Oooooh, they look so good! Can I come over and eat one? LOL! Your daughter did an excellent job.


----------



## EvilMel (Dec 6, 2007)

Those look great!


----------



## Britishwitch (Jan 5, 2008)

Fantastic Job!!!!!!!!!

BW


----------



## Muffy (Sep 25, 2006)

Oh those look great! Looks like you have quite a decorator on your hands!


----------



## Halloweenie1 (Sep 28, 2008)

Really cute. Great Job!


----------



## Tippy (Oct 7, 2008)

I think they are beautiful.
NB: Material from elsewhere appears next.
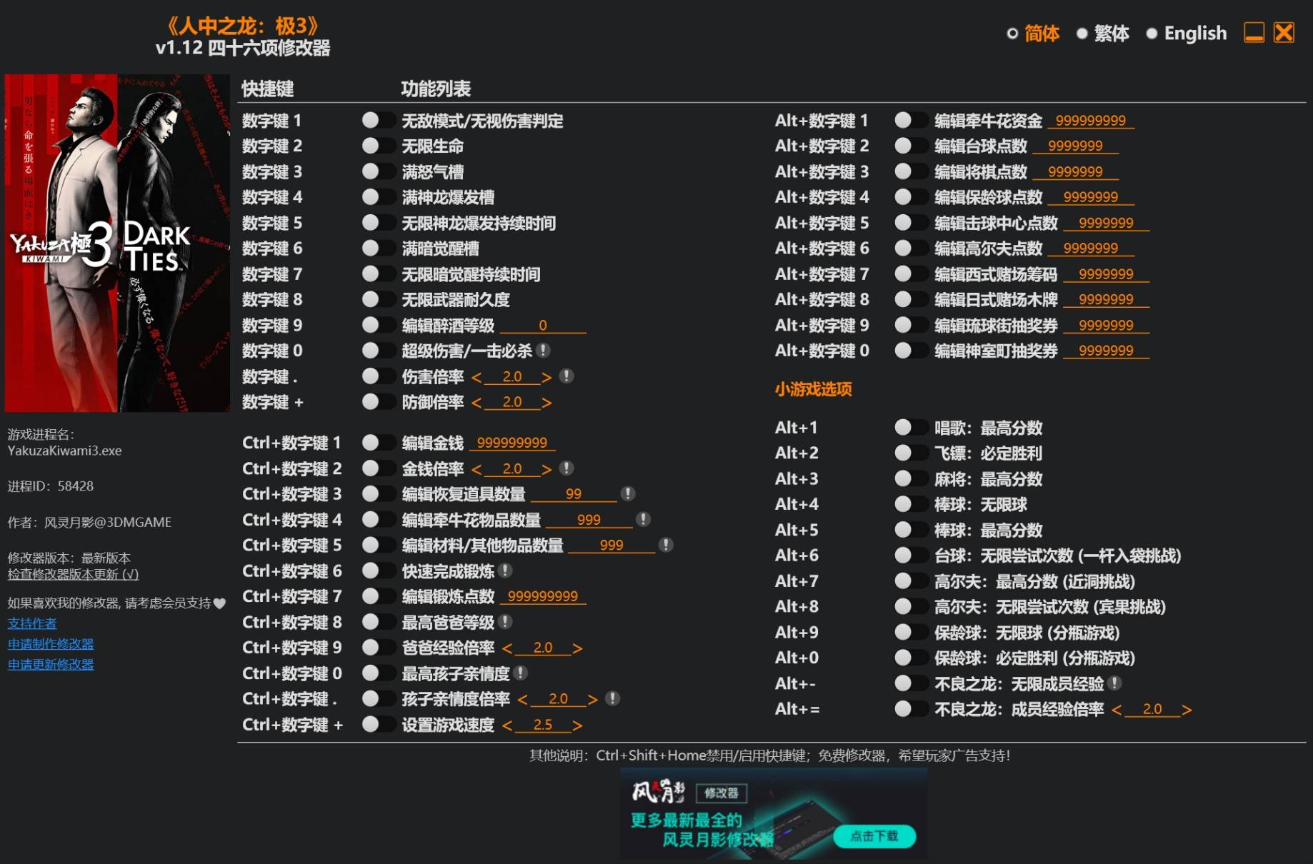 正文摘要:《人中之龍 極3/外傳》風靈月影修改器核心功能 快速閱讀精華 🚀 告別戰鬥煩惱: 無敵模式、無限生命、滿怒氣與神龍爆發,讓您輕鬆面對任何敵人。一擊必殺、傷害倍率,秒殺強敵不再是夢。 💰 資源快速累積: 無限金錢、恢復道具與各種物品,隨心所欲購買與升級。牽牛花資金、各類小遊戲點數無限編輯,告別刷刷刷。 ⏱️ 遊戲進程加速: 快速完成鍛鍊,編輯鍛鍊點數,角色成長事半功倍。調整遊戲速度,讓您自行掌控節奏。最高爸爸等級、孩子親情度,育成系統輕鬆滿級。 🎮 小遊戲制霸: 唱歌最高分、飛鏢必定勝利、麻將最高分,所有挑戰輕鬆過關。棒球、檯球、高爾夫、保齡球等,無限嘗試次數或直接勝利。 🛠️ 操作彈性自如: 支援簡體、繁體、英文語系切換。快捷鍵可開啟/關閉,避免與遊戲操作衝突。 ⚠️ 重要風險提示: 使用修改器可能導致遊戲體驗失衡,請自行斟酌。建議在使用前備份遊戲存檔,以防萬一。 本文章目錄.article-toc { border: 1px solid #ddd; padding: 15px; background: #f9f9f9; border-radius: 6px; margin: 20px 0; width: 95%;}.toc-title { /* --- 以下是合併進來的 H2 樣式 --- */ font-size: 1.25em; /* 125% */ border-left: 5px solid #2A98DA; border-radius: 2px; padding: 5px 0px 5px 10px; font-weight: bold; margin: 0 0 15px 0; /* 調整了 margin,只留下方 15px */ color: #333; line-height: 1.5; background-color: #f8f8f8; /* --- 樣式合併結束 --- */}.toc-list { list-style: none; padding-left: 0;}.toc-list li { margin: 8px 0;}.toc-list a { color: #2A98DA; text-decoration: none;}.toc-list a:hover { text-decoration: underline;}.back-to-top { display: block; margin-top: 10px; font-size: 0.9em; color: #666;} 前言:為何選擇修改器?document.currentScript.previousElementSibling.href = location.href.split('#')[0] + '#intro'; - 修改器下載與使用前必讀document.currentScript.previousElementSibling.href = location.href.split('#')[0] + '#download'; 修改器基礎操作指南document.currentScript.previousElementSibling.href = location.href.split('#')[0] + '#basic_usage'; 戰鬥與生存能力全面強化document.currentScript.previousElementSibling.href = location.href.split('#')[0] + '#combat_enhancement'; 金錢、道具與角色育成加速document.currentScript.previousElementSibling.href = location.href.split('#')[0] + '#resource_management'; 小遊戲輔助,輕鬆制霸各項挑戰document.currentScript.previousElementSibling.href = location.href.split('#')[0] + '#minigame_mastery'; 常見問題Q&Adocument.currentScript.previousElementSibling.href = location.href.split('#')[0] + '#faq'; 前言:為何選擇修改器? 《人中之龍 極3/外傳》作為一款經典的動作冒險遊戲,其豐富的劇情、刺激的戰鬥和多元的小遊戲深受廣大玩家喜愛。然而,面對高難度的戰鬥、漫長的育成過程,或是某些極具挑戰性的小遊戲,許多玩家可能會感到力不從心。這時候,一款功能強大的修改器就能成為您的得力助手。 本攻略將為您詳細介紹由「風靈月影」團隊提供的《人中之龍 極3/外傳》專用修改器,助您大幅降低遊戲難度,快速推進遊戲進程,輕鬆體驗本作的所有樂趣。無論您是想專注於劇情,還是想快速解鎖所有成就,這款修改器都能提供強而有力的支援。 修改器下載與使用前必讀 【重要風險聲明】 我們必須提醒玩家,使用第三方修改器可能存在潛在風險,包括但不限於: 改變遊戲原有的平衡性,可能影響遊戲體驗。潛在的遊戲數據損壞風險。少數情況下可能與遊戲更新產生衝突。 強烈建議您在使用修改器前,務必備份您的遊戲存檔。 所有操作請自行評估風險。 由於原出處提供的下載連結已失效或不符合我們的內容規範,請玩家自行搜尋「風靈月影《人中之龍 極3/外傳》修改器」以獲取最新版本。 👉 GM後台版 遊戲 推薦 ⬇️⬇️⬇️ 快速玩各種二次元動漫手遊app 修改器基礎操作指南 這款修改器設計直觀,操作簡便,即使是新手也能快速上手。 語言切換: 修改器啟動後,您可以點擊界面上的「簡體」、「繁體」、「English」按鈕來切換顯示語言。一旦切換,修改器將自動把該語言設定為預設語言,下次啟動時會直接顯示您選擇的語言。 快捷鍵開關: 若擔心修改器的快捷鍵與遊戲內按鍵衝突,或是不小心誤觸功能,您可以按下 Ctrl + Shift + Home 來關閉快捷鍵檢測功能。當您需要重新啟用快捷鍵時,再次按下相同的組合鍵即可。 戰鬥與生存能力全面強化 這些功能將徹底改變您的戰鬥體驗,讓您在任何對決中都立於不敗之地。 數字鍵 1 - 無敵模式/無視傷害判定: 啟用後,敵人將無法對您造成任何傷害,您將如同戰神般無堅不摧。 數字鍵 2 - 無限生命: 確保您的生命值始終保持最大狀態,無需擔心被擊倒。 數字鍵 3 - 滿怒氣槽: 讓您隨時可以發動強力的怒氣技,扭轉戰局。 數字鍵 4 - 滿神龍爆發槽: 立即填滿神龍爆發槽,享受無限的爆發輸出。 數字鍵 5 - 無限神龍爆發持續時間: 讓神龍爆發的增益效果持續不斷,保持高強度戰鬥。 數字鍵 6 - 滿暗覺醒槽: 輕鬆啟動暗覺醒模式,釋放桐生一馬的隱藏力量。 數字鍵 7 - 無限暗覺醒持續時間: 在暗覺醒模式中無限制地戰鬥,徹底擊潰敵人。 數字鍵 8 - 無限武器耐久度: 您的武器將永不損壞,讓您盡情使用心愛的裝備。 數字鍵 9 - 編輯醉酒等級: 自行調整醉酒狀態,可能會有意想不到的樂趣或挑戰。 數字鍵 0 - 超級傷害/一擊必殺: 大幅提升您的攻擊力,使敵人一擊斃命,快速解決戰鬥。 數字鍵 . - 傷害倍率: 精準調整您的輸出傷害倍數,達到您想要

She did a much better job than I could have done.


----------



## Mizerella (Aug 6, 2009)

I'm have a cake biz...she's hired!  

I agree the green ones are the best.


----------



## Lilywhite (Aug 25, 2008)

They are so cute. I love them . She did a great job.


----------



## 13ghosts (Aug 16, 2008)

Wonderful job on the spiderwebs!


----------



## Gothikren (Aug 17, 2008)

Those are all so wonderful. What a great job she did. I love them. She did great on all of the colors I do like the green, but all of them are pretty.


----------



## Anji4062 (Jul 28, 2009)

Those are really cute! I like all the colors myself, but she should've added purple too...I mean...what's Halloween Spidercakes without purple icing? *pouts* lol


----------



## MHooch (Jun 15, 2007)

That's better than I could do  Tell her great job!!


----------



## christmascandy1 (Aug 19, 2009)

I as well thought she did an Awesome..job..iam partial to the white ones...as long as its butter cream...thats all that matters....A## for Effort!!


----------



## Howlatthemoon (Jun 25, 2008)

Fantastic job!! I say do all the colors that are pictured plus the purple! Very eye-catching using those different colors imo!


----------



## NewbieHaunter (Sep 6, 2007)

Thanks everyone, shes been just thrilled with the compliments here  I think her head swelled! lol


----------



## Skullie (Apr 22, 2008)

Great looking cupcakes. Do you rent the decorater out????


----------